Unfortunately, Part D plans for prescriptions are not standardized, as I'm sure you've discovered. Although I'm glad we at least have coverage as seniors (years ago there was no prescription coverage to speak of), I've often said that whoever came up with the way the Part D plans work must surely have been on their own kind of "drugs" when they did it!
Everything is different from company to company and plan to plan, drug pricing, co-pays, premiums, everything - and it almost takes a genius to figure out what is best for each individual.
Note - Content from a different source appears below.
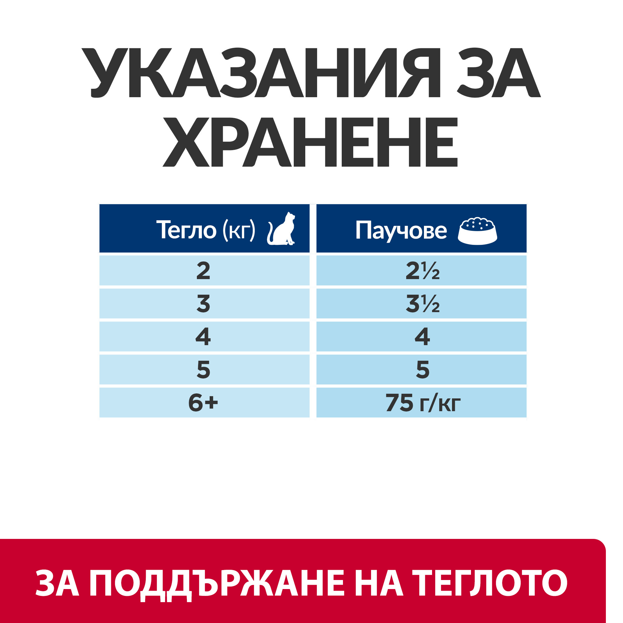Идеално тегло на котката – кгКоличество на ден – 85 г паучКоличество на ден – г

And be mindful that insurers can change things, even in the middle of a plan year. I have one med I was paying for with a $5.00 co-pay for 90 days, and one day I picked it up, and they said "that will be $32.50"... needless to say, I stopped in my tracks. After getting them to check and make sure it went through my plan, I discovered that the insurer had gone up over 600%, yes, 600% on that medication, in the middle of the plan year. After a number of phone calls (including finding out that I could get that exact prescription from my local big box store pharmacy for $10.00 cash), and making it EXTREMELY clear what I thought about the situation, they did an "exception" and told me I could get it for $7.50 co-pay for one year. The end of that year is in October, so I either have to ask for it to be extended (and they may not do it), pay the 600% increase, or change plans when I can... the big box store price has gone up to $22.00.
I don't mean to scare you or make you more confused. I just want you and others who may not be aware of this, to know what can happen. I've been happy with the plan I have and still am, except for this (which could happen with any company). I've had co-pays change before, but not 600%. The Part D plans should have been set up so that 50 million people on Medicare could negotiate prices, that's a lot of negotiating power. But they didn't do it that way, they set it up on some kind of discount basis which I still don't understand and probably never will. Congress could change it by standardizing the plans and giving us the negotiating power for pricing, but they don't seem to be interested.
Keep at it... I hope you will find a good plan that will work for you!
09-15-2018 11:37 AM
@I am still oxox wrote:I have decided on the Medicare plan and now I need to figure out the prescription stuff. Unfortunately I take 3 tier 3 medication with no generic out there. I have priced out many plans through an agent, she even through Good Scripts or Canadian pharmacy the prices are crazy.
I have to ask the doc the prescribed them if there are alternatives out there that are Tier 1 or 2.
This is driving me nuts, the meds I take work but I can not afford 700 quartley to keep them.
What to do what to do.
Thanks for all the help you have been to me
I'm thinking this is a continuation of what Medicare pkg to select? There were references to local SHIP people who can help you .... why not call them and pick their brain for prescription plan comparisons.
If there's no generic for some of your meds, maybe there is something similar that could be prescribed?
There are also various foundations etc that help out ..... I would google "financial assistance for ______ " and search one drug at a time, and see where that takes you.
09-15-2018 11:48 AM
@I am still oxox I am not sure if good scripts is like goodrx.com or not. They seem to have good prices.